It's all about the weather and the natural surroundings, really. They'd rather have warmer weather, a strong local economy, and beach/ocean/mountains at their doorstep. Southwestern BC coast is pretty great, but yes it's ridiculously expensive to buy a house. Stick to the suburbs and you're OK.


----------



## Earl (Apr 5, 2016)

Seems absurd to throw away your entire financial future for slightly milder winters.


----------



## Saniokca (Sep 5, 2009)

Earl said:


> What boggles me is, why do people of normal means (ie the vast majority of people) continue to live in Vancouver? They could easily own their own house in most other cities, but in Vancouver that will never be possible.
> 
> I was actually contacted on LinkedIn by a head hunter who wanted to discuss a job opportunity they had for me in Vancouver. Needless to say I didn't even consider it.


Why not? My wife and I lived there for a couple of years (2013-2014) and it was great. All you need to avoid is buying - rents are actually comparable (if not cheaper) than Toronto. The city is much better than Toronto - has all the positives of a big city but has less people. Quality of air is, water, etc. is much higher, you have nature practically at your doorstep.




Earl said:


> Seems absurd to throw away your entire financial future for slightly milder winters.


Agreed with a minor edit: Seems absurd to throw away your entire financial future for the pleasure of calling a pile of bricks "you own".


----------



## sags (May 15, 2010)

It is strange that Vancouver and Toronto have two of the lowest median family incomes in Canada, but have the highest home prices.

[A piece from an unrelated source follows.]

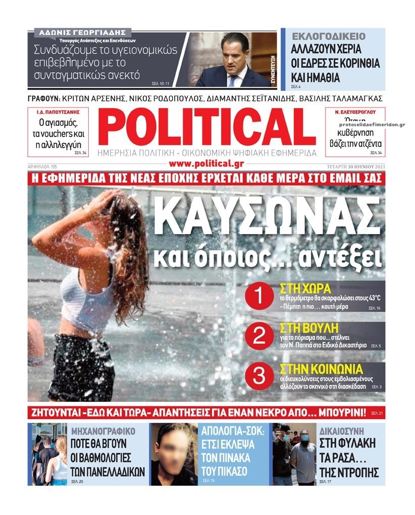 Οι πολιτικές εφημερίδες 30/6/2021 Διονύσης Νίκκας 06:13, Τετάρτη 30 Ιουνίου 2021 Media Διαβάστε τα πρωτοσέλιδα των πολιτικών εφημερίδων… ΕΦΗΜΕΡΙΔΕΣ ΠΡΩΤΟΣΕΛΙΔΑ Μοιράσου το: σχολίασε κι εσύ (0 σχόλια) Ακολουθήστε το enikos.gr στο Google News και μάθετε πρώτοι όλες τις ειδήσεις Δείτε όλες τις τελευταίες ειδήσεις από την Ελλάδα και τον Κόσμο στο enikos.gr Ειδήσεις Ροή Ειδήσεων 16 λεπτά πριν Ζελένσκι: Μόνο οι ΗΠΑ και ο Τραμπ μπορούν να πιέσουν τη Ρωσία να βάλει τέλος στον πόλεμο 35 λεπτά πριν Φοινικούντα: Προφυλακιστέος ο 30χρονος για συνέργεια στη διπλή δολοφονία – Και άλλα πρόσωπα στο «μικροσκόπιο» 2 ώρες πριν Κυριάκος Μητσοτάκης: Στην Ιερουσαλήμ την Τρίτη ο Πρωθυπουργός για την τριμερή Ελλάδας, Κύπρου, Ισραήλ – Θα συναντηθεί και με τον Αμπάς 5 ώρες πριν Πώς δρούσε το κύκλωμα που διακινούσε ναρκωτικά σε σχολεία – Υπέβαλαν σε βασανιστήρια όσους δεν τηρούσαν τους «κανόνες πειθαρχίας» 1 ώρα πριν Πάπας Λέων: Όταν έχει αϋπνίες επενδύει παραγωγικά τον χρόνο του – Ποιο παιχνίδι παίζει στο κινητό 26 λεπτά πριν Αριθμολογία: Ο αριθμός του φύλακα αγγέλου σας, με βάση τον μήνα γέννησής σας – «Έτσι σας στέλνει σημάδια το σύμπαν» 1 ώρα πριν Πώς να απαλλαγείτε από τη μυρωδιά του τηγανητού φαγητού: Το μυστικό βρίσκεται στην κουζίνα σας 2 ώρες πριν Μήπως οι γιορτές σας δεν είναι τόσο τέλειες; 7 χριστουγεννιάτικες συνήθειες που μαρτυρούν ότι μια οικογένεια είναι δυσλειτουργική 12 ώρες πριν Enerwave: Το νέο «ρεύμα» στη λιανική ενέργειας που αλλάζει την εμπειρία του καταναλωτή 9 λεπτά πριν Εριέττα Μανούρη: «Έχω νιώσει ανταγωνισμό από άντρες, μύθος αυτό που λένε για τις γυναίκες» 16 λεπτά πριν Ζελένσκι: Μόνο οι ΗΠΑ και ο Τραμπ μπορούν να πιέσουν τη Ρωσία να βάλει τέλος στον πόλεμο 26 λεπτά πριν Αριθμολογία: Ο αριθμός του φύλακα αγγέλου σας, με βάση τον μήνα γέννησής σας – «Έτσι σας στέλνει σημάδια το σύμπαν» 35 λεπτά πριν Φοινικούντα: Προφυλακιστέος ο 30χρονος για συνέργεια στη διπλή δολοφονία – Και άλλα πρόσωπα στο «μικροσκόπιο» 46 λεπτά πριν Super League: Ο Σιαμπάνης «κατέβασε ρολά» και ο Βόλος νίκησε 1-0 τον Παναιτωλικό ENIKOS NETWORK Οι γυναίκες αποκαλύπτουν το πιο ελκυστικό πράγμα που μπορεί να κάνει ένας άνδρας Ομορφιά και αντιγήρανση: Ειδικοί μιλούν για συσκευές περιποίησης του δέρματος Εφορία: 7 αλλαγές σε δηλώσεις και ελέγχους ακινήτων – Όλα όσα πρέπει να γνωρίζετε Πορτοκαλί τιμολόγια ρεύματος: Τα σημεία που πρέπει να προσέξουν οι καταναλωτές – Πότε θα εφαρμοστούν Χαρτογραφώντας το «σημείο χωρίς επιστροφή»: Για πρώτη φορά αποκαλύπτεται με λεπτομέρεια το ακανθώδες όριο της ατμόσφαιρας τ... Η Google καταργεί τη λειτουργία «dark web report» – Πώς θα μπορούν οι χρήστες να διαγράφουν τα δεδομένα τους περισσότερα 20:30 , Σάββατο 20 Δεκεμβρίου 2025 Αυτή την Κυριακή με τη Realnews: Instyle, μαζί Drive και Realnews Geopolitics Αυτή την Κυριακή με τη Realnews: Instyle, μαζί Drive και Realnews Geopolitics Instyle Η Άννα Ρ... 20:28 , Σάββατο 20 Δεκεμβρίου 2025 Ο ΑΝΤ1 γεμίζει τις γιορτές με μουσική – Ποιους καλλιτέχνες θα απολαύσουμε Φέτος στον ΑΝΤ1 γιορτάζουμε τις νύχτες μας παρέα με αγαπημένους καλλιτέχνες και μεγάλες μουσι... 18:19 , Σάββατο 20 Δεκεμβρίου 2025 HOTΕΛ ΕΛVIRA: Η Ελβίρα μαθαίνει πως ο Χάρι μένει κρυφά στο ξενοδοχείο του Παντελή Συνεχίζονται οι εκλογές για πρόεδρο, στο νέο επεισόδιο της κωμικής σειράς του MEGA, HOTΕΛ ΕΛVI... 14:04 , Σάββατο 20 Δεκεμβρίου 2025 Η Realnews αυτής της Κυριακής (21/12/2025) Με τίτλο: «Ασπίδα προστασίας για την Ελλάδα» κυκλοφορεί, αυτήν την Κυριακή, η Realnews. Σημαντ... ΤΕ

http://www.statcan.gc.ca/tables-tableaux/sum-som/l01/cst01/famil107a-eng.htm


----------



## cheech10 (Dec 31, 2010)

Since the home ownership rate is not 100%, it is no surprise the medians for income and home price don't track that closely (ie. a lot of low income families exist in the major cities and don't own homes, which drags down the income median without affecting the home price median)


----------



## nobleea (Oct 11, 2013)

cheech10 said:


> Since the home ownership rate is not 100%, it is no surprise the medians for income and home price don't track that closely (ie. a lot of low income families exist in the major cities and don't own homes, which drags down the income median without affecting the home price median)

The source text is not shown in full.